Ему по-прежнему нравились слова «твой агент», даже несмотря на ситуацию.
– Понятия не имею. Кейт просто пишет, что нужно поговорить.
– Она имеет в виду личную встречу? Она собирается вернуться… сюда?
Оливия огляделась. Он быстро подметил, что не изменилось с тех пор. Стены остались того же цвета, их не перекрашивали много лет. Кухонный остров, которым так гордилась Кейт, обшарпанный со всех сторон из-за истерик Адама и ударов нетвердых ног Кирсти. Купили ли они хотя бы стул после ее ухода?
– Не знаю.
– Полагаю, она не знает о… Кирсти.
Она произнесла имя так, словно для нее это было мучением. Впрочем, так оно и было. Он поморщился.
– Она как бы не потрудилась оставить номер телефона, чтобы я держал ее в курсе.
Даже развод они оформили без разговоров – дистанционно, через адвокатов. Все эти годы он изо всех сил старался закрывать глаза на происходившее.
– Я… Прости, я не могу этим сейчас заниматься. Мне нужно… готовить речь.
Он едва сдержал вздох облегчения, найдя наконец подходящий предлог, чтобы выйти. Но, поднявшись наверх, пошел не в кабинет, а повернул налево и толкнул дверь в комнату Кирсти. У него кружилась голова. Кейт! Спустя столько лет!

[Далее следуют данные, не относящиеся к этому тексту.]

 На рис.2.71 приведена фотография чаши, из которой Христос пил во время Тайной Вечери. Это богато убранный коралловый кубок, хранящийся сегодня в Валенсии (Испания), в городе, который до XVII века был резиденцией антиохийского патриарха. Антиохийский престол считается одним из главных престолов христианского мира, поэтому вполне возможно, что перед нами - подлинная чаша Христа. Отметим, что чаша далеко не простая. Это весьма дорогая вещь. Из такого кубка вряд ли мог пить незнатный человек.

Все еще было непривычно видеть комнату пустой, с голым матрасом, без личика Кирсти за прутьями кровати, то жалобного и мокрого от слез и соплей, то улыбающегося при виде него без очевидных причин, хоть он и никак не мог облегчить ей жизнь. Любящий взгляд, инстинктивный, словно их связывала нить, передававшая ему ее мучительную боль. А Кирсти перенесла слишком много боли для такой малышки. Затхлый запах из комнаты так и не выветрился. Стул Кирсти – неповоротливая конструкция с ремнями на липучках, которые должны были удерживать ее прямо, тяжелая, как обеденный стол, стоял поперек комнаты. Поправив стул, он ощутил укол боли в спине – напоминание о тех годах, когда ему приходилось постоянно поднимать дочь. И тут он понял, что плачет. От слез сдавило горло. Боже… Это уже слишком. Он слишком стар для этого. Для всего этого.
Кейт, 2004 год
После случившегося Оливия стала приходить каждое утро к восьми, после того как Эндрю уходил на поезд. Ее появление, в длинном шарфе и с охапкой самодельных сумок, было бальзамом на душу в трудный день. Она знала то единственное положение, которое уменьшало громкость сумасшедшего воя Кирсти, она умела заставить Адама перестать катать по руке Кейт игрушечную машинку, колеса которой впивались в кожу. Она оставалась до середины дня, потом надевала кардиган и уходила на телестудию работать в вечернюю смену. В свободные от работы вечера – Оливия работала на полставки, и Кейт чувствовала, что она не так уж нуждается в деньгах, – ей хватало терпения дождаться Эндрю, возвращавшегося в девять вечера, накормить его ужином и расспросить об успехах в борьбе с Филом из бухгалтерии по поводу того, что считается допустимыми расходами на обед.